Dad sighed and moved toward the refrigerator where he pulled out a can of Iron City and popped the tab. “Trudy and I have discussed it. We are worried about you. And the college is such a long way from home.”
“Trudy! What does she have to do with anything?”
“She’s my girlfriend and a significant part of my life. We discuss things.”
“Your choice in companionship is your own. And I don’t care what you two discuss as long as it’s not my life.”
“Rachael.”
“I’m happy. I like the south. It suits me.”
“At least consider your options. Being closer to home, you could pop in on weekends if you like and if there was a problem, I’d be a few hours’ drive, not a whole day away.”
This conversation had taken a left turn and I needed to get it back on track, fast. Reaching for his hand, I settled my inner fury—the one that flared up when my parents decided to poke around in my life. “I appreciate your concern. Since Mom left, you’ve been my rock. But I’m happy at school. My classes are going well and since I moved off campus and out of the dorms, things are calmer. Honestly I think all the drama came from the mix of personalities you get when you live with a couple hundred girls in high-rise campus housing.”

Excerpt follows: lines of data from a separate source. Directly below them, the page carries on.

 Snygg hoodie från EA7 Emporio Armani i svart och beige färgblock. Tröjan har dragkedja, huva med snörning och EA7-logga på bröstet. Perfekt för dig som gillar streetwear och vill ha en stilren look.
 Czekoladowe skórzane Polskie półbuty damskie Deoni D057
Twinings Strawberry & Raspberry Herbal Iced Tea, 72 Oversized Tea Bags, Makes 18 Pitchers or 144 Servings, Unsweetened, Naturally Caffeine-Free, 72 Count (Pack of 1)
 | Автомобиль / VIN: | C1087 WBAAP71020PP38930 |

He leaned back into his chair. His face didn’t look convinced. “Make me a promise.”
“What kind of promise?”
“That you’ll keep your options open.”
“Of course. When I’m home for Thanksgiving in a few weeks, I’ll do a little research on the Art History program at Xavier.”

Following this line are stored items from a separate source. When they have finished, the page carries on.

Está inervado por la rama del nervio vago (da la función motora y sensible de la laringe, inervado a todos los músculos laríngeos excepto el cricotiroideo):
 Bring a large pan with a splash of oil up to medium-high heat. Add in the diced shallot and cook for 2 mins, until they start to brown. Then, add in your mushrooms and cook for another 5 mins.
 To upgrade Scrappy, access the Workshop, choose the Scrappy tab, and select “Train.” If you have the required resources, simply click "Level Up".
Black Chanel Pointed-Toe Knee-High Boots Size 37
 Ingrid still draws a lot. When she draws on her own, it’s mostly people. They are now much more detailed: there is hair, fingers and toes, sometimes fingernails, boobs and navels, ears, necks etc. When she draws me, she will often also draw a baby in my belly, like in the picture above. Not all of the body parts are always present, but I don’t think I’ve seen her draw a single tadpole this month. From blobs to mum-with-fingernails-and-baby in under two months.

I lied. I had no intention of leaving North Carolina behind.
“About Thanksgiving.”
My eyes scoured the bottom of my empty mug. I figured he would be asking me to cook again this year and I had already prepared a grocery list.

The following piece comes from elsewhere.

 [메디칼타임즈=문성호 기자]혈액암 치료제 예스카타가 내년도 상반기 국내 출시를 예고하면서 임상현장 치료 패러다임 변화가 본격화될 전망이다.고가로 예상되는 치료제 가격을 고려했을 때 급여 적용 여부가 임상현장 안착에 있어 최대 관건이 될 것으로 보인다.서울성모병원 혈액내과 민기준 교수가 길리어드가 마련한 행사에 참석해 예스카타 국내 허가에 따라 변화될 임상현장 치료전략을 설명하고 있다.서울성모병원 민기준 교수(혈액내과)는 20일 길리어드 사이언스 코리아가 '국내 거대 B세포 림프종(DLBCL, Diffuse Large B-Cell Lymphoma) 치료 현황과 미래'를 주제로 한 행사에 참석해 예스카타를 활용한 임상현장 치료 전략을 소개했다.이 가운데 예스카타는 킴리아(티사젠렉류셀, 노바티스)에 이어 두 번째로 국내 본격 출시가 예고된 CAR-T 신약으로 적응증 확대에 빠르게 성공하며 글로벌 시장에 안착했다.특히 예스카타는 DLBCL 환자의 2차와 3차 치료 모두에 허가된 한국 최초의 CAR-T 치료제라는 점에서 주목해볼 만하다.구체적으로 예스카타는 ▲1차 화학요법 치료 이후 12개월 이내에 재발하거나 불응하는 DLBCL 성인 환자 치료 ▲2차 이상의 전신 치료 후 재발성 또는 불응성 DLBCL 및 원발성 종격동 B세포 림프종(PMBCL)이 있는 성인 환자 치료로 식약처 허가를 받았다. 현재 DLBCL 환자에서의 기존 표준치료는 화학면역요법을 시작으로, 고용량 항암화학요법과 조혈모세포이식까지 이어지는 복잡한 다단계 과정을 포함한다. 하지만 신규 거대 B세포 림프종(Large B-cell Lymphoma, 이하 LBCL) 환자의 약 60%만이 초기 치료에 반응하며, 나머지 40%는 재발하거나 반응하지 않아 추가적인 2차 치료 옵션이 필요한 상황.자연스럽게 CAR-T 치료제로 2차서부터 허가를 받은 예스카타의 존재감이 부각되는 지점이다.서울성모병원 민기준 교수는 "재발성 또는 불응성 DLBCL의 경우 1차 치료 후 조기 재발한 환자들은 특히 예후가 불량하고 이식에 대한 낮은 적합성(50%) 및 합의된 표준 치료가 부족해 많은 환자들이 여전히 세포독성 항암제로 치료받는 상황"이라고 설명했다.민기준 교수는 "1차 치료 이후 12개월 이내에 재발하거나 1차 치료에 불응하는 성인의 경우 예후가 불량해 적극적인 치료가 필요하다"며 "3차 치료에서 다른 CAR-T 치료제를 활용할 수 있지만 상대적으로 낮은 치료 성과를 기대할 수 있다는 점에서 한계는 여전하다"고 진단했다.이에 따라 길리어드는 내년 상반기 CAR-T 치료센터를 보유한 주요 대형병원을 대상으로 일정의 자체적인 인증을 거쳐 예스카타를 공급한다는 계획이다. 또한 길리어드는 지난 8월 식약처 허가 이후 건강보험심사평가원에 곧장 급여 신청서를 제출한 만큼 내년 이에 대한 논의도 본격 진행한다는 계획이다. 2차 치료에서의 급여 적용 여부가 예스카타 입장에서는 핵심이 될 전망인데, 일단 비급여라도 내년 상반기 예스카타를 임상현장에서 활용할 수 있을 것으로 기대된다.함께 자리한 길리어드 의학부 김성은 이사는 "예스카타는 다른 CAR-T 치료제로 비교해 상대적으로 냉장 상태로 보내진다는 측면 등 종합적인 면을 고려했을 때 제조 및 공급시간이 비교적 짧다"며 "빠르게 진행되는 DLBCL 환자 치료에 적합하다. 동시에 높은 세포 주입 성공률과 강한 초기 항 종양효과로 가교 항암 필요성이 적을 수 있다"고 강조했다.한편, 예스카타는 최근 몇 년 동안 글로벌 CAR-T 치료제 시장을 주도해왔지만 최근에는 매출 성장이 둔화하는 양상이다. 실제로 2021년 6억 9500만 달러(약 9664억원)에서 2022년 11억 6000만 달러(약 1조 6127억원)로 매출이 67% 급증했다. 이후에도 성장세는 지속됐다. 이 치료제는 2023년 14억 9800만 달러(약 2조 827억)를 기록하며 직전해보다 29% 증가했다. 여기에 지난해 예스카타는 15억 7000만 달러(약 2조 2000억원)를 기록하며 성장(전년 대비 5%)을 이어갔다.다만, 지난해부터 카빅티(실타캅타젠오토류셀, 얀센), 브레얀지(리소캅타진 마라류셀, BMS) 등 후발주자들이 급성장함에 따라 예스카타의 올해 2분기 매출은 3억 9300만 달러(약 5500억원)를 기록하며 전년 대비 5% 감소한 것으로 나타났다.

“You see, Trudy has a client who offered his Colorado condo over the holiday.”
I wondered if the Iron City had gone to his head.
“You don’t ski.”
“It’s Breckenridge. Prime location. Ski in, ski out. Right there on the slopes.” He laced his fingers and his knuckles cracked. “I thought it would be an opportunity to learn.”
“You’re ditching me for a ski vacation with Trudy?”
“No, not entirely. Your grandmother and Edmond are here.”
I grimaced.
“And Aunt Gert.”
“She goes to Vegas on Thanksg
iving.”
“Dad’s hands fidgeted along the grain in the wooden table top. Last I checked your grandmother doesn’t have plans. And Edmond will be around, mostly.”
“Mostly?”
“He mentioned taking his Air Stream to Lake O’ Pines, for a night or two.”
“Are you asking me to come home to keep an eye on the shop?”
“No, no. Not at all. We’ll close down for the weekend. Before I commit, I just want to make sure, you know, that you’re okay without me for the holiday.”
The front door lock clicked and we both heard a shrill, “You-Who, anyone home?”
“Trudy has a key?”
Dad tipped his can back and guzzled.
“Rachael,” she mused, and like a locomotive coming into the station, her arms swooped open as she plowed across the kitchen until my chair back ground her to a halt. Wrapping her arms around my chair and by default, around me, she gushed, “You’re home. We’ve missed you.”
I patted her arm with my palm.
“Did John tell you? I scored a free ski condo for us in Colorado and we booked cheap flights leaving Thanksgiving Day.”
My face tightened and I pressed my lips together as I stink-eyed dad. Closing my eyelids I had a vision. Trudy whooshing down a fresh powder slope in some hot pink spandex get-up. She would insist on getting a second warm-up run in, before she and Dad took to the green trails. I could hear a crack of timber just before a puffy snow cloud began engulfing pine trees and the pink dot in its path. A chill touched the back of my neck. Opening my eyes, Dad’s head leaned into the refrigerator, and I heard the tab top pop on another Iron City.
DAY TWO OF MY three-day visit to Canton, Ohio, and I was counting the hours until I’d be at the airport. For sanity purposes, I needed to get out of the house and rode with dad to O’Brien’s, How’s Your Art? We picked up a box of assorted donuts, the chocolate logs with jimmies, glazed and sugared for me, and a pizza bread for Edmond. Dad said he’d given up sugary treats, which I considered sacrilegious. After the Thanksgiving bomb he’d dropped on me, I deemed this box of donuts cheap therapy, and I planned on drowning myself in at least six of them. Norcia Bakery provided hometown flavors that, unlike my family, had stayed consistent.